CFPB’s Small Business Lending Data Collection Rule Finalized

The Section 1071 Rule, which mandates the Consumer Financial Protection Bureau (CFPB) to collect and report small business lending data, was released on March 30, 2023 in accordance with the Dodd-Frank Wall Street Reform and Consumer Protection Act. The Rule requires financial institutions to report data on their lending practices for small businesses, including information on the race, ethnicity, and gender of business owners.

Regulation B has been amended to implement the changes brought by Section 1071 to the Equal Credit Opportunity Act (ECOA). Similar to the Home Mortgage Disclosure Act (HMDA), banks and other entities who provide at least 100 small business loans a year are required to collect and document information about loan applications, interest rates, and borrower details.  These requests must be made before notifying applicants of a lender’s decision, and the lender’s procedures should be effective in acquiring the required data.

photo by Vecteezy

Lenders are required by the CFPB to investigate any signs that they might be discouraging loan applicants from providing necessary information, as per the requirement. They must take immediate corrective measures and keep an eye out for low response rates or unexpected responses. They should also monitor response rates and other factors such as division, location, and loan officer, and ensure that their employees are well trained in collecting data from loan applicants, according to the recently released enforcement policy statement from the CFPB.

The final rule has made some changes to the original proposal. One change is that applicants are now allowed to identify their own race and ethnicity, instead of relying on loan officers to determine it. Another change is that mortgage loans that are required to be reported under the HMDA are now excluded.

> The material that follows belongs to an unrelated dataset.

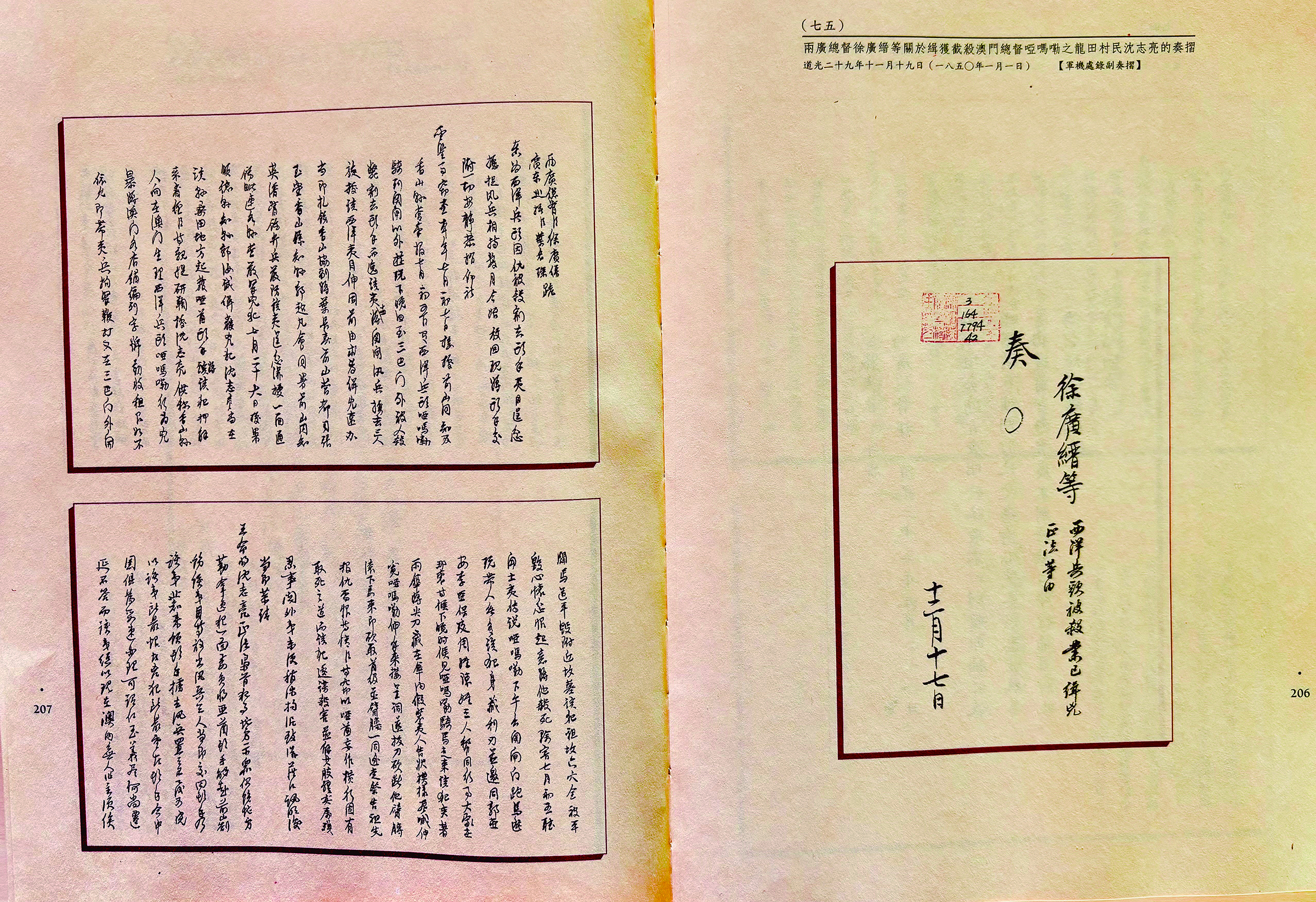 清朝檔案:兩廣總督徐廣縉等關於緝獲截殺澳門總督啞嗎嘞之龍田村民沈志亮的奏摺

Lastly, the rule suggests that data submitted under the Bureau’s final rule will fulfill relevant Community Reinvestment Act (CRA) requirements when federal regulators introduce their CRA reporting requirements.

Moreover, third-party organizations including financial institutions are permitted to create technologies and services that can aid lenders in gathering and submitting data. The Bureau has mentioned that it is also developing an additional proposal, which would grant small lenders who are already capable of fulfilling the requirements of the communities they cater to, a more extended period to ensure compliance if the proposal is ultimately approved.

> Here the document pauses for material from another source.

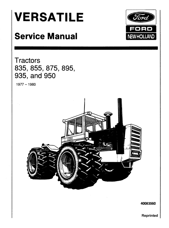 Ford Versatile 835, 855, 875, 895, 935, 950 Tractor Service Manual

According to the CFPB, the new data set will cover around 80% of all small business lending in the U.S. The agency assures that the data collection process will maintain the privacy of individual borrowers and will not reveal sensitive financial information. The Rule will be implemented in phases, with the biggest lenders reporting data before smaller lenders.  Financial institutions with assets over $100 million will have to annually report to the CFPB regarding their small business lending activities. The report should include details such as the number and amount of small business loans, the purpose of the loan, and the demographic information of the borrower.

Compliance deadlines

Lenders will have different deadlines for complying with the new rule based on how many covered small business loans they originate. Starting from October 1, 2024, lenders who originate a minimum of 2,500 small business loans per year must collect data. For lenders who originate a minimum of 500 loans per year, data collection starts from April 1, 2025. Lenders who originate a minimum of 100 loans annually must begin data collection from January 1, 2026. However, lenders who originate fewer than 100 loans yearly will not be required to comply with the new data collection and reporting regulations but will still be expected to follow fair lending laws. The final rule will become effective 90 days after it is published in the Federal Register.

The upcoming data set is set to offer insights to policymakers and researchers on the credit options and ease of access for small enterprises, especially those owned by underrepresented groups. The CFPB aims to use this information to identify possible restrictions in credit access and work towards overcoming them.